Spring RememberMe processAutoLoginCookie

Question

I'm using Spring Security 3.0.0 and persistent RememberMe. When the server restarts and a browser window is still open, we need to be able to continue using the application without having to login - if remember me is selected.

I'm getting a org.springframework.security.web.authentication.rememberme.CookieTheftException: Invalid remember-me token (Series/token) mismatch. Implies previous cookie theft attack, when I try to continue to use the application after a server restart. What I notice is that the processAutoLoginCookie method gets called twice. I'm not sure why. The behavior of the method itself seems to be correct, ie , update the token in the database and update the cookie in the client.
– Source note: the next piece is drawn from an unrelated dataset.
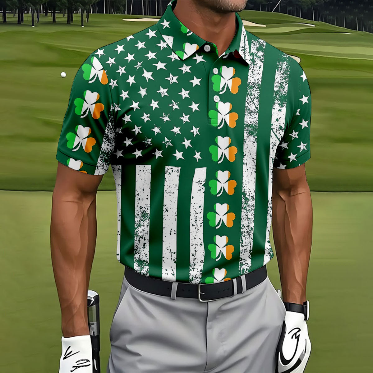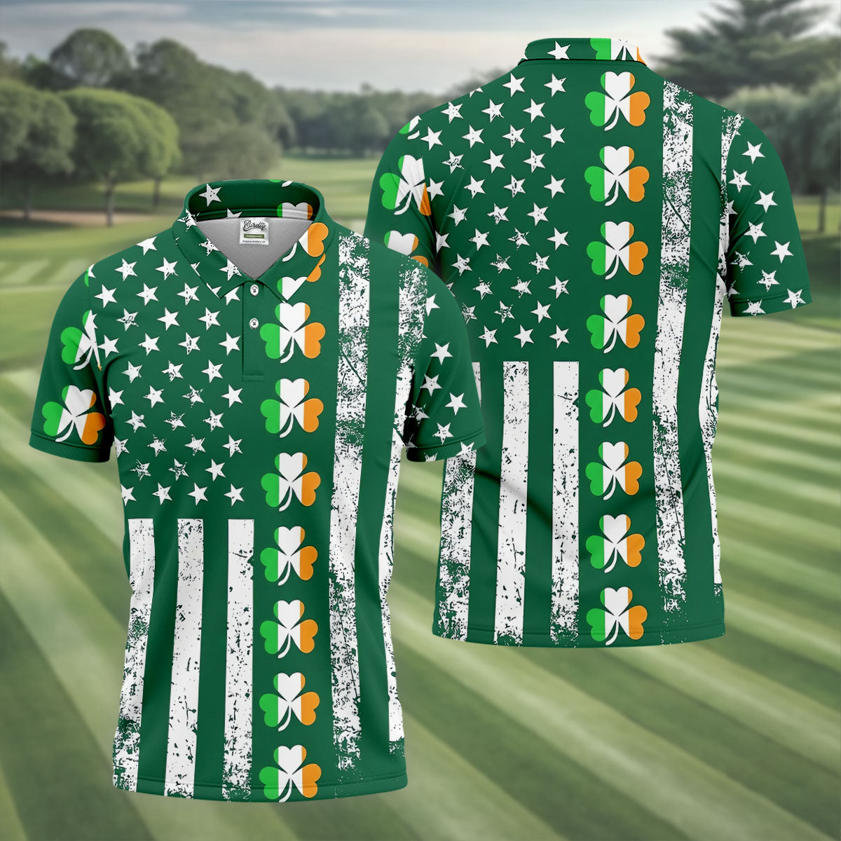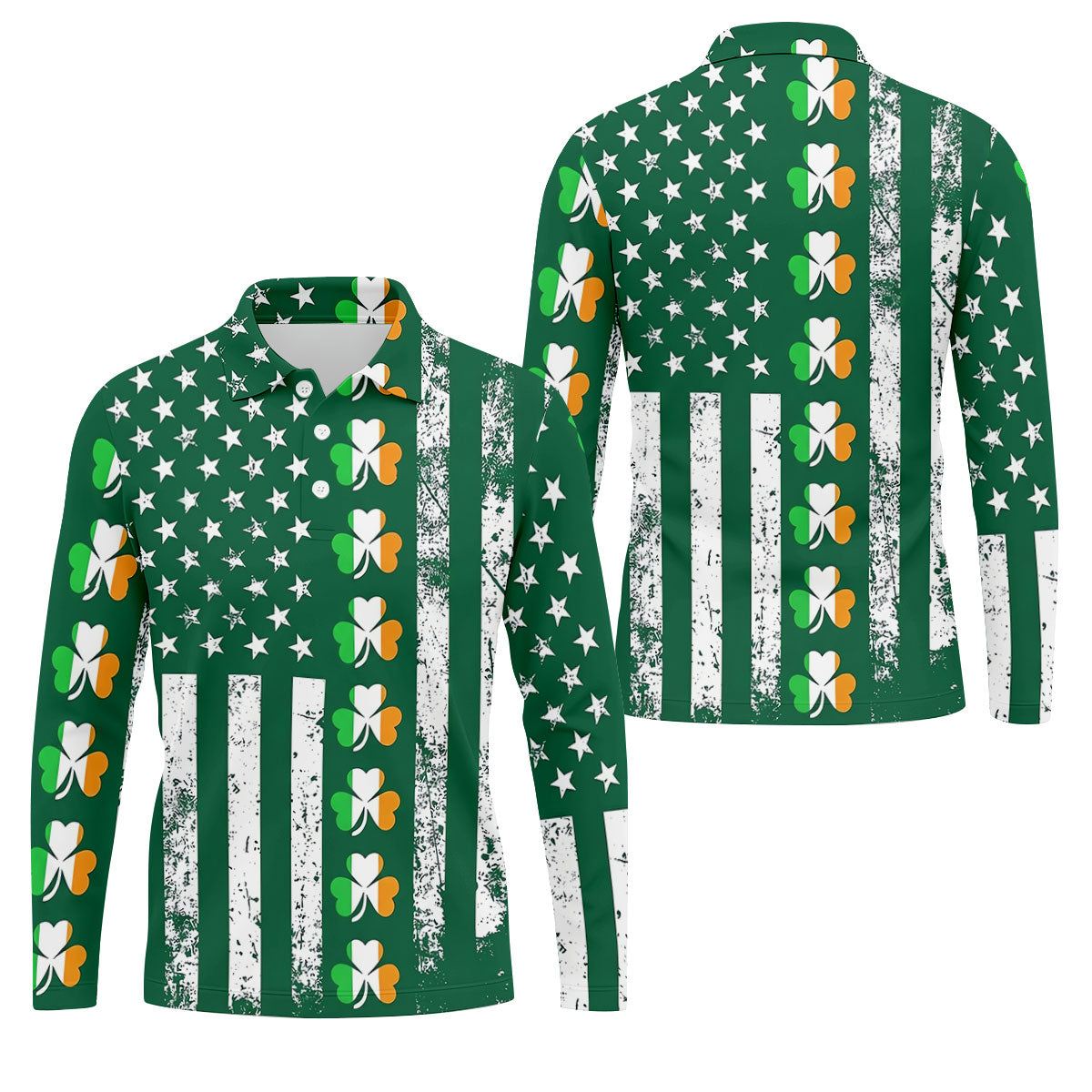 Irish Shamrock Vertical Stripes St Patrick's Day Golf Shirt, Polo Shirts For Men, Golf Shirts For Men

Any help on this would be appreciated.

Thank you.

Answer 1

I was getting the exact same issue! The processAutoLoginCookie was getting called twice in succession so that the first call was successful, but the second call fails because the cookie is updated by the first call.

My only solution was to subclass PersistentTokenBasedRememberMeServices and override the processAutoLoginCookie method. I had to copy the existing code for processAutoLoginCookie and comment out the throwing of the CookieTheftException.

Note: My solution will open up a security hole!

If you are happy to allow for Cookie Thefts to occur (my system is used internally and does not contain sensitive data) then this solution will work.

Alternatively, you could also subclass PersistentTokenBasedRememberMeServices and add a more robust solution that still checks for Cookie Theft Exceptions but allows the two successive calls to processAutoLoginCookie to be made.